→ **Information supplied**:
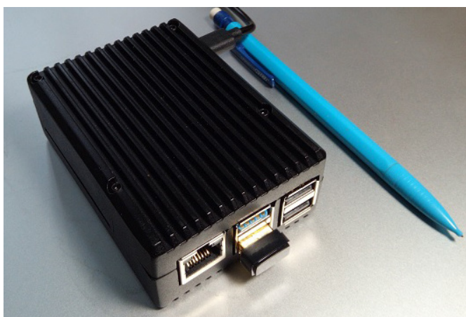
EDBox from Ed4free

Leveraging advanced satellite technology, updates and new educational materials can be delivered directly to servers in remote or underserved areas. This ensures that educational content remains up-to-date and accessible, even without reliable internet connections. By utilizing satellite broadcasting, educational institutions can consistently receive the latest resources, thereby improving the quality and reach of education in these regions.
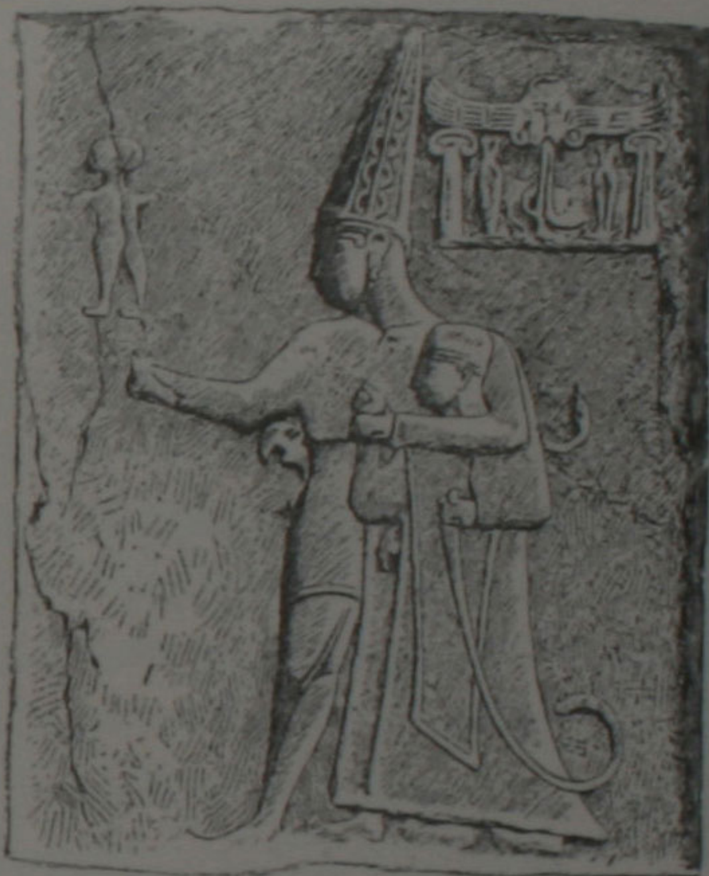
FIG. 8.—DEITY EMBRACING A KING OR PRIEST.

approximately the date of the Boghazköi sculptures. Some investigators have placed them so late as 700 B.C., but it seems reasonable to suppose that the only two instances as yet discovered of a very singular representation may possibly belong to the same epoch, and they may thus perhaps be assigned to about the

→ **What you have to do**:
No pictures go in the copy. Set down all the data exactly.

→ **Expected output**:
EDBox from Ed4free

Leveraging advanced satellite technology, updates and new educational materials can be delivered directly to servers in remote or underserved areas. This ensures that educational content remains up-to-date and accessible, even without reliable internet connections. By utilizing satellite broadcasting, educational institutions can consistently receive the latest resources, thereby improving the quality and reach of education in these regions.
FIG. 8.—DEITY EMBRACING A KING OR PRIEST.

approximately the date of the Boghazköi sculptures. Some investigators have placed them so late as 700 B.C., but it seems reasonable to suppose that the only two instances as yet discovered of a very singular representation may possibly belong to the same epoch, and they may thus perhaps be assigned to about the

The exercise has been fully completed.